The 2022 NCAA Division I Football Championship Game was a postseason college football game played to determine a national champion in the NCAA Division I Football Championship Subdivision (FCS) for the 2021 FCS season. It was contested at Toyota Stadium in Frisco, Texas, on January 8, 2022, with kickoff at 12:00 p.m. EST (11:00 a.m. locally) and televised on ESPN2. It was the culminating game of the 2021 FCS Playoffs.

Teams
The participants of the 2022 NCAA Division I Football Championship Game were the finalists of the 2021 FCS Playoffs.

North Dakota State Bison

North Dakota State finished their regular season with a 10–1 record (7–1 in conference), losing only to South Dakota State. The Bison were the second-seed in the tournament and received a first-round bye; they then defeated Southern Illinois, East Tennessee State, and James Madison to reach the championship game.

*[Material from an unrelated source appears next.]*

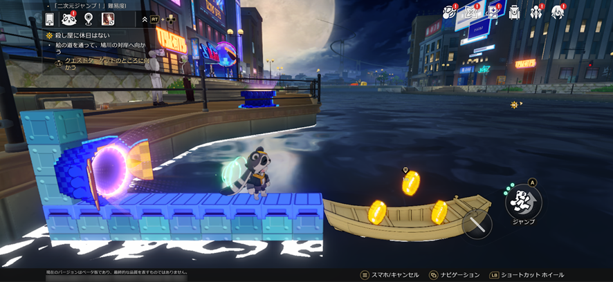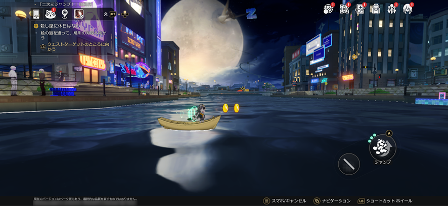 大都会に流れる川を風情ある小舟でGO! それはもう二次元ジャンプと言うよりシンプルな川渡りでは?
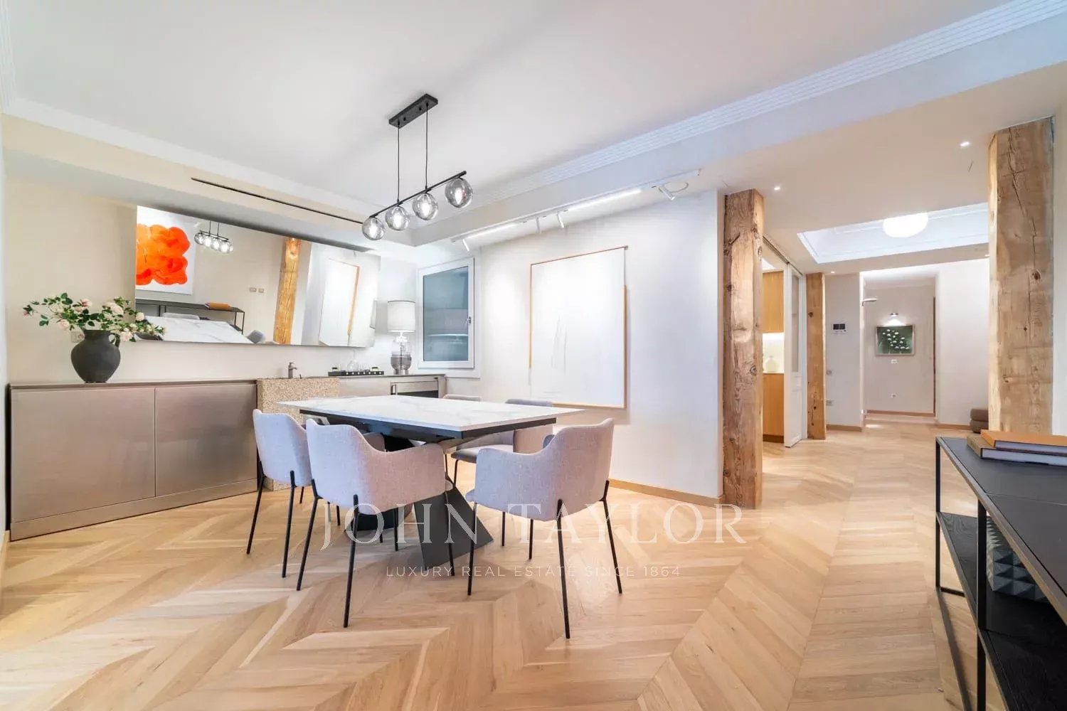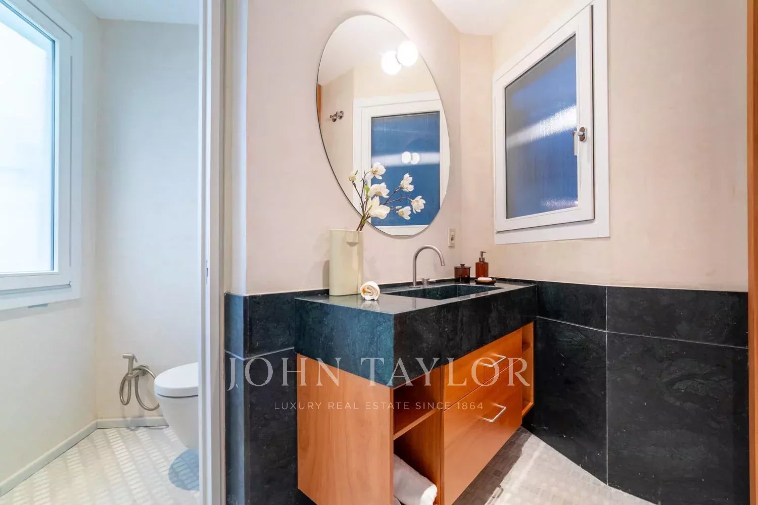 La propriété, d'une superficie de 175 m², a été entièrement rénovée à neuf, alliant le charme de l'architecture classique à un design intérieur contemporain et sophistiqué. Elle bénéficie d'une excellente orientation ouest, ce qui apporte une abondance de lumière naturelle dans les pièces principales.

North Dakota State had previously won the FCS Championship Game eight times, most recently the January 2020 edition following the 2019 season.

Montana State Bobcats

Montana State finished their regular season with a 9–2 record (7–1 in conference), losing only to Wyoming (an FBS team) and Montana. The Bobcats were the eighth-seed in the tournament and received a first-round bye; they then defeated UT Martin, Sam Houston State, and South Dakota State to reach the championship game.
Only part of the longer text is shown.